The 3 Surfaces You Work On

After the last two years of speaking with real estate agents on a daily basis and understanding the way their business works, I found that most of them, as small business owners / entreprenuers, worked on just about EVERYTHING themselves. No matter how big of a team they had or how much revenue they brought in, there were often some common problems that exiested across the board when it came to Real Estate agents.

The first thing you have to understand about real estate is that you are expected, in many brokerages, to be responsible for everything. Just because they have a national brand logo on their card does not mean they have a legion of help behind them. They are still responsible to accomplish everything on their own.

Most people do not understand what that entails. It is more than simply showing houses and negotiating prices. As a Realtor, you are expected to know how to sell, neogtiate, utilize social media, shoot videos, understand marketing strategies. You need to know how houses are built, what the building code is, and how to explain it all without your buyer freaking out. You need to be able to balance a budget, use a CRM, track your past customers, keep relationships with people you have not done business with in years, and help navigate co,plex financial products in order for your customer to make the largest purchase of their lives.

No pressure.

With all of that, I needed a way to break down such an impossible job into manageable pieces. I came up with the idea of the desk, the dining room table, and the conference table.

Let’s start with the dining room table. This is where you sell your product, whatever it is. It is the time you spend face to face with your client learning about their concerns and hopfully solving them. This is one of the areas that people love to focus on, but it only makes up 5-10% of the job agents actually do.

The desk is the area where the majority of the real work happens. This is the behind-the-scenes work that most people hate doing, but create the most tangible differences in the business. This is where you track your numbers, do your work in the CRM, monitor your finances, write goals, etc. It is also where you do your prospecting and fill out your paperwork. These are the parts of the job most of us try to avoid, but without it we would not have the opportunity to sit at the dining room table with the client.

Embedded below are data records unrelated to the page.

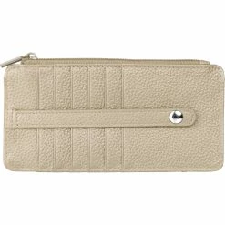 This thin card holder from Julia Buxton is made of naturally milled butter soft leather. It features a snap strip that secures six credit card slots, a large outside slip pocket, an I.D. window and full top-zip for additional security. The snap closure helps keep your items secure. Style: 235R64.
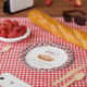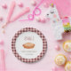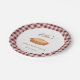 Reúna seu aniversário de torta com esses pratos personalizados de gingham vermelho.
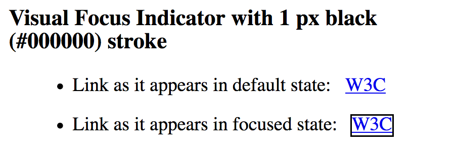 Visual focus indicator for a link that is a 1 CSS px black outline around the link. The 1 CSS px black outline provides sufficient contrast greater than 4.5 to 1. 1 CSS px black visual focus indicator line (#000000) against the adjacent color of white (#FFFFFF) has a contrast ratio of 21 to 1.

The last surface is the conference table. This is where things get fun. This is where you scale all the things that needed to be done at the desk and conference table so you do not need to be the one to do them. This can happen either by hiring or recruiting a team or by hiring sub-contractors to fill the roles. If you hire a marketing person or contract a marketing company, the result is the same. The chore is off your desk and you don’t have to do it as often.

The problem is most sales training focused in on the Dining Room tables, but neglects the desk and conference table when that is the area where you are the most profitable.

Even if you are in a sales role, do what you can to ensure that you are not only focused on following up on the leads that you are given from the marketing “desk”. Spend time building systems in order to get repeat and referral customers. Leverage the contacts you already have in order to get more sales.

The sad thing is there are many sales employees, even those who work nearly 100% commission or on a draw, who look at what they are doing like a job, not a business. Take a note from entrepreneurs and leverage your existing clientele in order to get more clients. Do this by focusing on all three surfaces, not just increasing your ability at in front of clients.